Search the data below for lines that include the word "Black" and state how many there are, nothing else.
------------------------------------------------------------------------
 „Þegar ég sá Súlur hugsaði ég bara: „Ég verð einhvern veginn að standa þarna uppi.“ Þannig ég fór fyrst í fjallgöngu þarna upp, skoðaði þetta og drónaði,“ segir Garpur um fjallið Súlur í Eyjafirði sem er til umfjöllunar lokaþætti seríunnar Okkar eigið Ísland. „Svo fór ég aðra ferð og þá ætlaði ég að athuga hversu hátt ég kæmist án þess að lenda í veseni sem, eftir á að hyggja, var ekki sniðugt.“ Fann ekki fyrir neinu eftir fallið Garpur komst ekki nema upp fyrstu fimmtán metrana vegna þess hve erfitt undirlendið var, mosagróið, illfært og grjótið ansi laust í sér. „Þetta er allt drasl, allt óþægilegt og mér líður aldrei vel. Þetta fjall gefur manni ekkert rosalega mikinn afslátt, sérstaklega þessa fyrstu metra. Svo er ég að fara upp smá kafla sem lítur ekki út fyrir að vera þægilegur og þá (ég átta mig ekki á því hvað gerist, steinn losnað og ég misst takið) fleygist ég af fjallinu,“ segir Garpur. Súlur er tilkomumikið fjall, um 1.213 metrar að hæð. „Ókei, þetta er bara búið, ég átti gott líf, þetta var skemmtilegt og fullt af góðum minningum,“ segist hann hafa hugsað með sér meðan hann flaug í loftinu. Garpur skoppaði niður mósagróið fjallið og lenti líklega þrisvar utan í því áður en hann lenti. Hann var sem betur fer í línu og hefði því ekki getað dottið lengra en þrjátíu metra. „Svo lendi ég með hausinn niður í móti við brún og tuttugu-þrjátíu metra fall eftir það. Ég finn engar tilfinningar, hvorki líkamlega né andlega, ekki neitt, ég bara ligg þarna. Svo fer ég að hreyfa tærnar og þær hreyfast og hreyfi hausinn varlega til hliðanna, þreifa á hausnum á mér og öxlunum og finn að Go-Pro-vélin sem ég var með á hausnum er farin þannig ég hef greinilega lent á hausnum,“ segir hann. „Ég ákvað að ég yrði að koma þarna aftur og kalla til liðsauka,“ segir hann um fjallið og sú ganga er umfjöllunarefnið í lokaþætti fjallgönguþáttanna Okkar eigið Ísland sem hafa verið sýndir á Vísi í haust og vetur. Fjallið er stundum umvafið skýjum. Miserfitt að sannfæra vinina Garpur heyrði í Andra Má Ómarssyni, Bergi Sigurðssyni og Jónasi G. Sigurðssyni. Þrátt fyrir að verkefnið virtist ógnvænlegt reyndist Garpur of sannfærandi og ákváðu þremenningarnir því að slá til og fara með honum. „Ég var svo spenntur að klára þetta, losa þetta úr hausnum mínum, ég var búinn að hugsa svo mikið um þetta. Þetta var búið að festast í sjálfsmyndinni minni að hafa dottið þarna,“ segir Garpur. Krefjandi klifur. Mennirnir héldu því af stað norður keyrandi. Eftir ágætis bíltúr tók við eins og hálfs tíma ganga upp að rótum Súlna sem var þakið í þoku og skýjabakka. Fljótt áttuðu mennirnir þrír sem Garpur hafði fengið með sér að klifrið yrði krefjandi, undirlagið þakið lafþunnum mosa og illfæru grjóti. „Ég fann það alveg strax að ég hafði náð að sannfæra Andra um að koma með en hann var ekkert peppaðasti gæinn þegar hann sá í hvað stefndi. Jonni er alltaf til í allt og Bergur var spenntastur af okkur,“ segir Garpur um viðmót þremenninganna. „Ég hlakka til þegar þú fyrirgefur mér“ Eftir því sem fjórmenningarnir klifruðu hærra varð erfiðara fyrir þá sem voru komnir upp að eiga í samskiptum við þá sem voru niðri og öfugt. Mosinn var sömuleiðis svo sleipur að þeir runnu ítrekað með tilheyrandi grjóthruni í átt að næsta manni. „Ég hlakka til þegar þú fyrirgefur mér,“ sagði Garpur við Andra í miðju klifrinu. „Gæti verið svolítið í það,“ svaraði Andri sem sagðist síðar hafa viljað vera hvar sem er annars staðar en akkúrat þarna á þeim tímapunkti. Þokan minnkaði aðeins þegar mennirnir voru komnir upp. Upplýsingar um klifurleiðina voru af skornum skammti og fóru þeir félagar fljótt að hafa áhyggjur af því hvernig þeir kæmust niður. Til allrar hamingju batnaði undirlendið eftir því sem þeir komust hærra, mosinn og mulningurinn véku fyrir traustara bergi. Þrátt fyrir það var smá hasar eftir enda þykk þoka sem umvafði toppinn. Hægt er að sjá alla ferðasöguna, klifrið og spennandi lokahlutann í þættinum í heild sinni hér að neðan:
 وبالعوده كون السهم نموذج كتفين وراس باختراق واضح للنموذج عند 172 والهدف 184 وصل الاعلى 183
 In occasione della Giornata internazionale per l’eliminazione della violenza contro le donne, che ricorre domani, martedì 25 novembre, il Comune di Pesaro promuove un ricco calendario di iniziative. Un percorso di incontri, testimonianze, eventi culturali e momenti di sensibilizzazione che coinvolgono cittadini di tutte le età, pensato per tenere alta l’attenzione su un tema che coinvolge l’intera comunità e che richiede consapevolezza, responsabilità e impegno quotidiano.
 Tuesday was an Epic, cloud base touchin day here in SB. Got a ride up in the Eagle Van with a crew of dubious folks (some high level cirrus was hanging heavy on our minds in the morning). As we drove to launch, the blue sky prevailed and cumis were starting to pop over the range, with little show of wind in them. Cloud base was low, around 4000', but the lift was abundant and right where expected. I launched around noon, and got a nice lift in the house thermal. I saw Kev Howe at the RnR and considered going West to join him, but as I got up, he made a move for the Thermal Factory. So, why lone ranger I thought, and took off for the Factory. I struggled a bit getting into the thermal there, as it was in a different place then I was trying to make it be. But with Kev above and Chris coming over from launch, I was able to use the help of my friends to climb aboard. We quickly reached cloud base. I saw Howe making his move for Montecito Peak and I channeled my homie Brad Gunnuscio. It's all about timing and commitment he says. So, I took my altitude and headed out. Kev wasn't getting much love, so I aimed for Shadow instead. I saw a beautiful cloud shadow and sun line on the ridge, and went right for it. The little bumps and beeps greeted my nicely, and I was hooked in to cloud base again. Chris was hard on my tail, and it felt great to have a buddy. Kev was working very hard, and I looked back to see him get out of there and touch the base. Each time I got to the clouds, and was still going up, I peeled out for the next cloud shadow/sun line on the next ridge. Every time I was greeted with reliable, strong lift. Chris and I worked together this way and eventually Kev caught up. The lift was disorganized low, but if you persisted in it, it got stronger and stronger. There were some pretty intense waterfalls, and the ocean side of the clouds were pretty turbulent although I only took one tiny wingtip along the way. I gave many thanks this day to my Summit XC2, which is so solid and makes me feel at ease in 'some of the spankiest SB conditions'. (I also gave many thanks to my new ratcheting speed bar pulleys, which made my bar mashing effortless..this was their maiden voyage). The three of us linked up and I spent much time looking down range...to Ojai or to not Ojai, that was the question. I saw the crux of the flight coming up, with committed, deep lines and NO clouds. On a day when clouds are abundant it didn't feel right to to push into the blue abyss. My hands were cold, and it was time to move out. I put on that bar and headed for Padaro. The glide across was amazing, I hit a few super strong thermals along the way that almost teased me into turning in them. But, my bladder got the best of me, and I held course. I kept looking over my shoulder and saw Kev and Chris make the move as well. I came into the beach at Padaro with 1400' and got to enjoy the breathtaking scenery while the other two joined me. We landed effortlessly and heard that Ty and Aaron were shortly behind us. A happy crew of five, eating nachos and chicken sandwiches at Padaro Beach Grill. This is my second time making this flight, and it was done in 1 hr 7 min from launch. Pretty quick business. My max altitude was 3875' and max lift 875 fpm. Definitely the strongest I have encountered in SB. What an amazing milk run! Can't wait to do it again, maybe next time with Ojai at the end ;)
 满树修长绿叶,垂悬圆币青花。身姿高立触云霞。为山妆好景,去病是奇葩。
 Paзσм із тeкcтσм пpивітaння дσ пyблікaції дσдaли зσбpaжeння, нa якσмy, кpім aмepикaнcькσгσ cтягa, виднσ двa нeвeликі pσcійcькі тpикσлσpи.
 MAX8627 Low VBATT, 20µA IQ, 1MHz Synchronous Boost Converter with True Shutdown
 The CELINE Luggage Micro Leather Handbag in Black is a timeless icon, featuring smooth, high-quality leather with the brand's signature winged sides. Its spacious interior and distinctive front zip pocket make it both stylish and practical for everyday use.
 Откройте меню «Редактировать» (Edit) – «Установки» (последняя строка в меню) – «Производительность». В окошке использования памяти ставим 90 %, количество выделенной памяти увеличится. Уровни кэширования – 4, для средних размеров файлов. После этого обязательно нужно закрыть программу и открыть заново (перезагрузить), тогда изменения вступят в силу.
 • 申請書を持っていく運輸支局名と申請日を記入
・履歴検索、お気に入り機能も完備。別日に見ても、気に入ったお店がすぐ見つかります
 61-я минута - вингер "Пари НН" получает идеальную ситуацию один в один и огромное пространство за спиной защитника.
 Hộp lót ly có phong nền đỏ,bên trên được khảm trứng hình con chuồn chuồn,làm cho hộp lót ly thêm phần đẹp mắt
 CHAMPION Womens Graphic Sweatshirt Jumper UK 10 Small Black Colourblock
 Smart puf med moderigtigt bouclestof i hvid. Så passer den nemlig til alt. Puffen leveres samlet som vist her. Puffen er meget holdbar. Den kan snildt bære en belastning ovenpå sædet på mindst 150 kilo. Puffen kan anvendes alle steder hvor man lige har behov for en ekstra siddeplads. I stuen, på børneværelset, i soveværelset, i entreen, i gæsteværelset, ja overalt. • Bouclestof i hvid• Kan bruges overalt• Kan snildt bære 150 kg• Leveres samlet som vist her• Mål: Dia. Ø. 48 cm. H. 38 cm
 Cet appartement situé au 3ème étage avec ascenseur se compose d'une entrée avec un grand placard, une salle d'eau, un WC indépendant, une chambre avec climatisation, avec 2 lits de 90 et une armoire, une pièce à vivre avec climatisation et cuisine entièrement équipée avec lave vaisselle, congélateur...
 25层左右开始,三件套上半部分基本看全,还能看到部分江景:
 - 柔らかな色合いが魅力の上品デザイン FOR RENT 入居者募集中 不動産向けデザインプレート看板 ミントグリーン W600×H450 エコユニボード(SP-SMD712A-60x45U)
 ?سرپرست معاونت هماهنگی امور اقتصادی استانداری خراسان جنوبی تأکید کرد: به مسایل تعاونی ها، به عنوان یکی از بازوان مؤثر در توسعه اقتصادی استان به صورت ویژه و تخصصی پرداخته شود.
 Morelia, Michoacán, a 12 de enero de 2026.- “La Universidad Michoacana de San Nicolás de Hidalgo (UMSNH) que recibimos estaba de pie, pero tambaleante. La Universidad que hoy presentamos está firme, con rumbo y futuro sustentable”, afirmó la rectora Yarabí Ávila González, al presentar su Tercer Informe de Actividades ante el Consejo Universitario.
------------------------------------------------------------------------
• [RESPONSE BELOW]: 2